## DIRECTIONS
Records follow. Print exactly the lines from the one that has "Creëer bij het" through the one that has "乳液やクリームを塗るとすぐにニキビができてしまう混合肌。 スパチュラ付きで衛生的。 中は水色で、ほんのりいい香りが🌸", inclusive, and omit the pictures.

## DATA RECORDS
»»

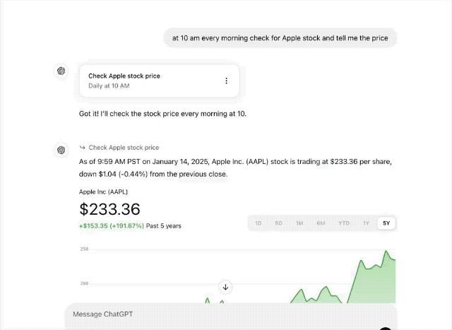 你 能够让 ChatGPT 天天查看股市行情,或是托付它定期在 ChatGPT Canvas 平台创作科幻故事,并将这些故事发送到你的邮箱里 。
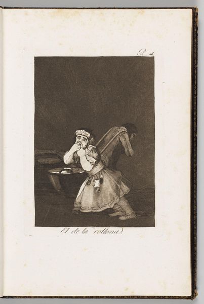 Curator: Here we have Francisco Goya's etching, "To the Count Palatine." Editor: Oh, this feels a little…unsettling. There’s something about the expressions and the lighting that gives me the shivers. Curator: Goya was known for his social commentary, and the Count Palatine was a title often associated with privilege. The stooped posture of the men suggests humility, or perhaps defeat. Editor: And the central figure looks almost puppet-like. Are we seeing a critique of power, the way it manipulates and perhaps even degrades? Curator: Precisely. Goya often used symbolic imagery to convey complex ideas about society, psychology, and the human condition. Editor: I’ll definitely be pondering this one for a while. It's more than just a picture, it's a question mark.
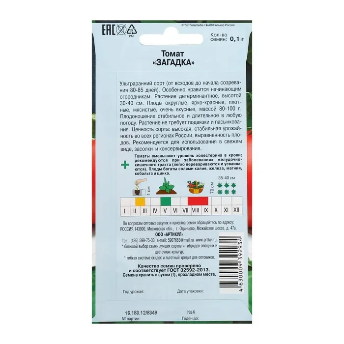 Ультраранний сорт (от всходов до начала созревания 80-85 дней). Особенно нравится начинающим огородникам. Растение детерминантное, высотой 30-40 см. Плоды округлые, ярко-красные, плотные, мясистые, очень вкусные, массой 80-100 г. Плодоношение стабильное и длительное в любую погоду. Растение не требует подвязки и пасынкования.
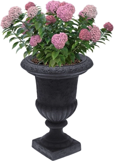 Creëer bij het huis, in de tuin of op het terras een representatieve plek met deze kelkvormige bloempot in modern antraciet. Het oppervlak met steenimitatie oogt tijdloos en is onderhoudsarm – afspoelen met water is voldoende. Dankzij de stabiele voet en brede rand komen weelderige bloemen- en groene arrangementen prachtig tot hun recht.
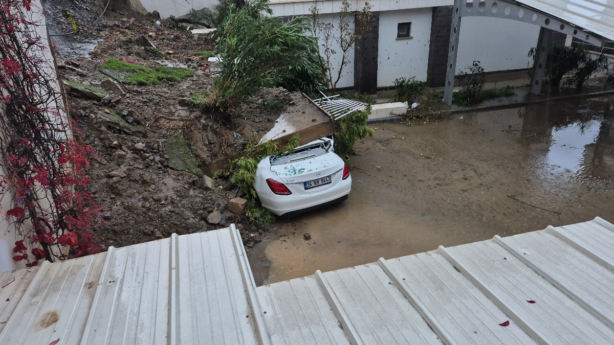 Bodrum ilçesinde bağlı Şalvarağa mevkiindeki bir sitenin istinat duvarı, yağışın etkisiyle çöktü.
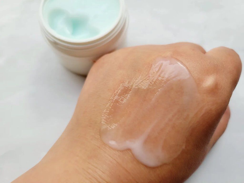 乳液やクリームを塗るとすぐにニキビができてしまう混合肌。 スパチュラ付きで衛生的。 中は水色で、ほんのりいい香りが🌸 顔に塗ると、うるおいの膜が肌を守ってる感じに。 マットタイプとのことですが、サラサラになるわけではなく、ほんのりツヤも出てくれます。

««
»»

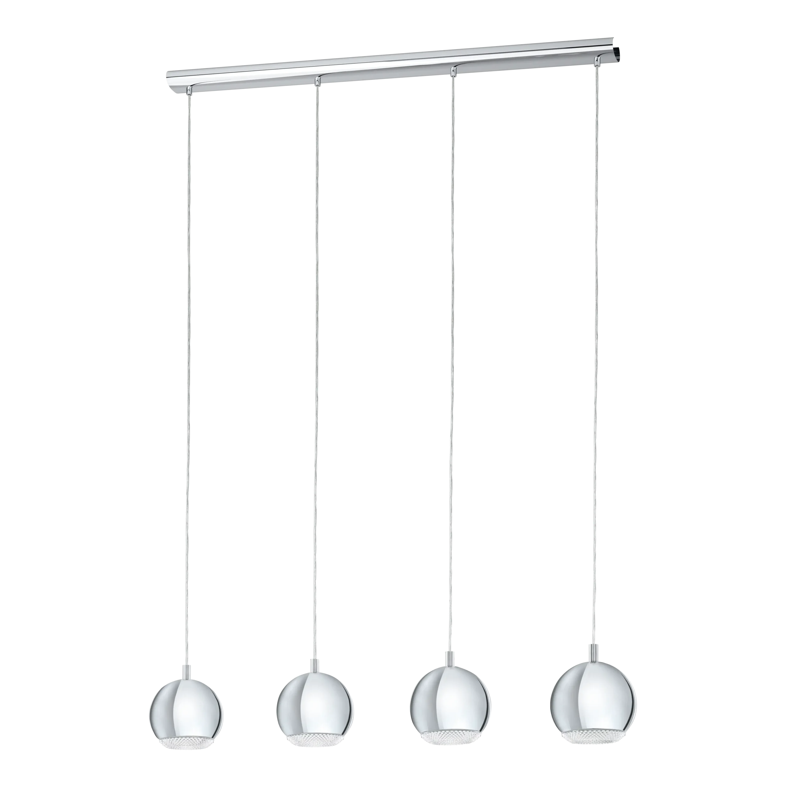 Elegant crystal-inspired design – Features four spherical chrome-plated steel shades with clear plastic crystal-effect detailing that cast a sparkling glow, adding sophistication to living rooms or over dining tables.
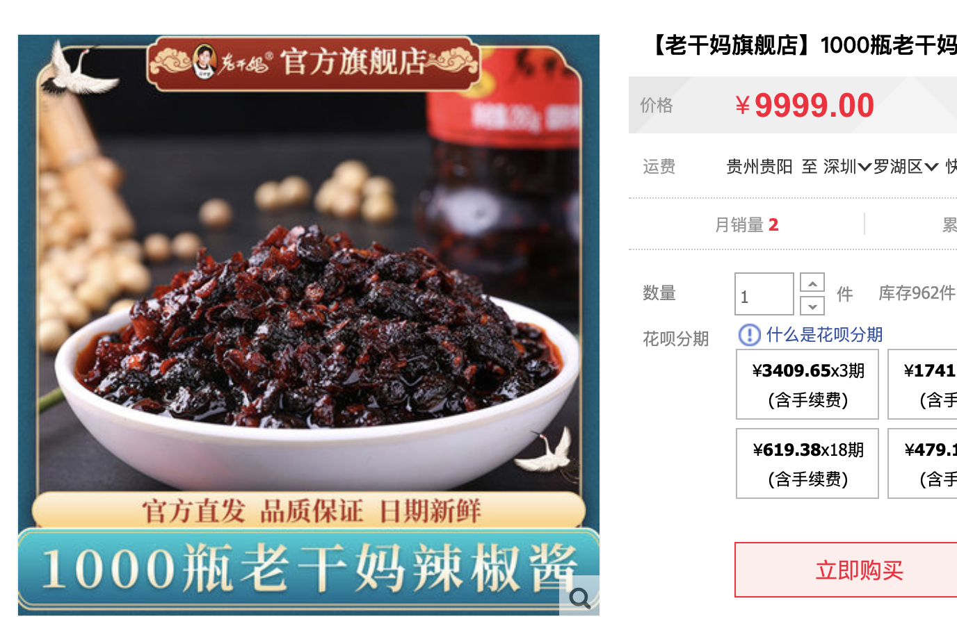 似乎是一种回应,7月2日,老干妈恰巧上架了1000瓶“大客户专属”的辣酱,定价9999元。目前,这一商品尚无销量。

««

## SOLUTION TO THE EXERCISE
 Creëer bij het huis, in de tuin of op het terras een representatieve plek met deze kelkvormige bloempot in modern antraciet. Het oppervlak met steenimitatie oogt tijdloos en is onderhoudsarm – afspoelen met water is voldoende. Dankzij de stabiele voet en brede rand komen weelderige bloemen- en groene arrangementen prachtig tot hun recht.
 Bodrum ilçesinde bağlı Şalvarağa mevkiindeki bir sitenin istinat duvarı, yağışın etkisiyle çöktü.
 乳液やクリームを塗るとすぐにニキビができてしまう混合肌。 スパチュラ付きで衛生的。 中は水色で、ほんのりいい香りが🌸 顔に塗ると、うるおいの膜が肌を守ってる感じに。 マットタイプとのことですが、サラサラになるわけではなく、ほんのりツヤも出てくれます。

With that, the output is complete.